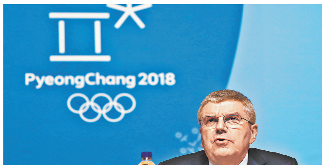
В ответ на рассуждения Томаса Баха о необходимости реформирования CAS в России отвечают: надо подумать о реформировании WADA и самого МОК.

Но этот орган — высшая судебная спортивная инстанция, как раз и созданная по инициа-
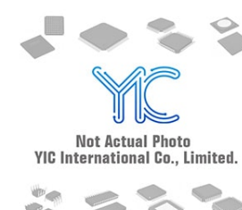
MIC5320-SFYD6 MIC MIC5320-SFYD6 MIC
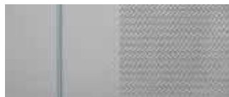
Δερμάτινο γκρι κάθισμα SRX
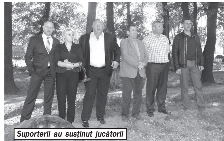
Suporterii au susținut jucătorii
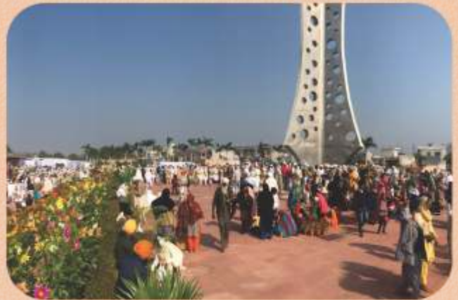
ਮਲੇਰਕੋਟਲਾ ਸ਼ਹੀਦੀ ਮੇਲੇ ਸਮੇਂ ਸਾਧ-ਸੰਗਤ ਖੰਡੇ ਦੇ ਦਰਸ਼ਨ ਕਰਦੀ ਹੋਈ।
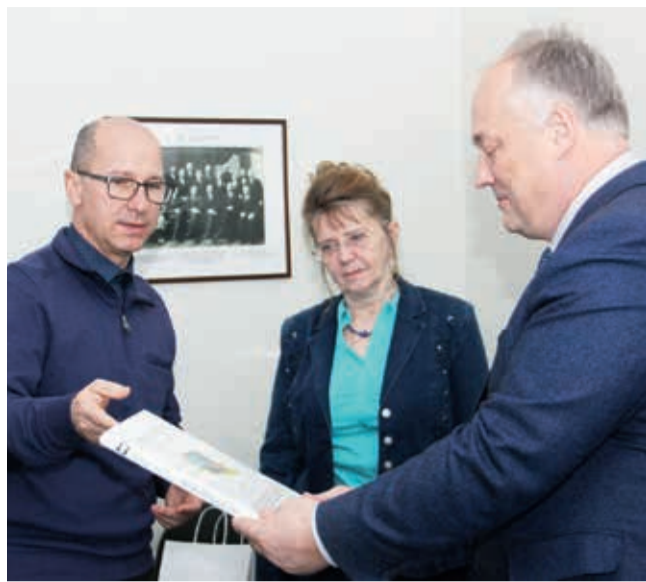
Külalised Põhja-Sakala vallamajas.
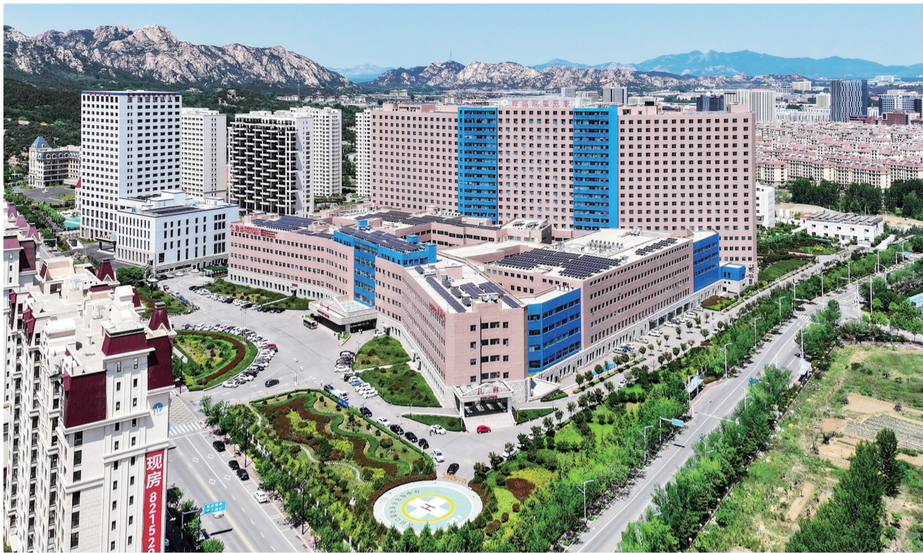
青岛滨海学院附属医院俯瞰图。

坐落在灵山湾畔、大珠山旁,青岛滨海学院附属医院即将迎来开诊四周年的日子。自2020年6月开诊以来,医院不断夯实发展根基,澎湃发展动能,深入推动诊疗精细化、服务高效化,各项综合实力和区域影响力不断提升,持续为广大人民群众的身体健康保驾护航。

--

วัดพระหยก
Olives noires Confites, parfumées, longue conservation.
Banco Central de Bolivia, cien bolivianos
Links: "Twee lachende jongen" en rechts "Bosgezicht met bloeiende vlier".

INSTRUCTIONS FOR THE TASK: Respond with the exact lines above running from the one containing "Δερμάτινο γκρι κάθισμα SRX" to the one containing "坐落在灵山湾畔、大珠山旁,青", both ends kept and no pictures included.

EXERCISE RESULT:
Δερμάτινο γκρι κάθισμα SRX
Suporterii au susținut jucătorii
ਮਲੇਰਕੋਟਲਾ ਸ਼ਹੀਦੀ ਮੇਲੇ ਸਮੇਂ ਸਾਧ-ਸੰਗਤ ਖੰਡੇ ਦੇ ਦਰਸ਼ਨ ਕਰਦੀ ਹੋਈ।
Külalised Põhja-Sakala vallamajas.
青岛滨海学院附属医院俯瞰图。

坐落在灵山湾畔、大珠山旁,青岛滨海学院附属医院即将迎来开诊四周年的日子。自2020年6月开诊以来,医院不断夯实发展根基,澎湃发展动能,深入推动诊疗精细化、服务高效化,各项综合实力和区域影响力不断提升,持续为广大人民群众的身体健康保驾护航。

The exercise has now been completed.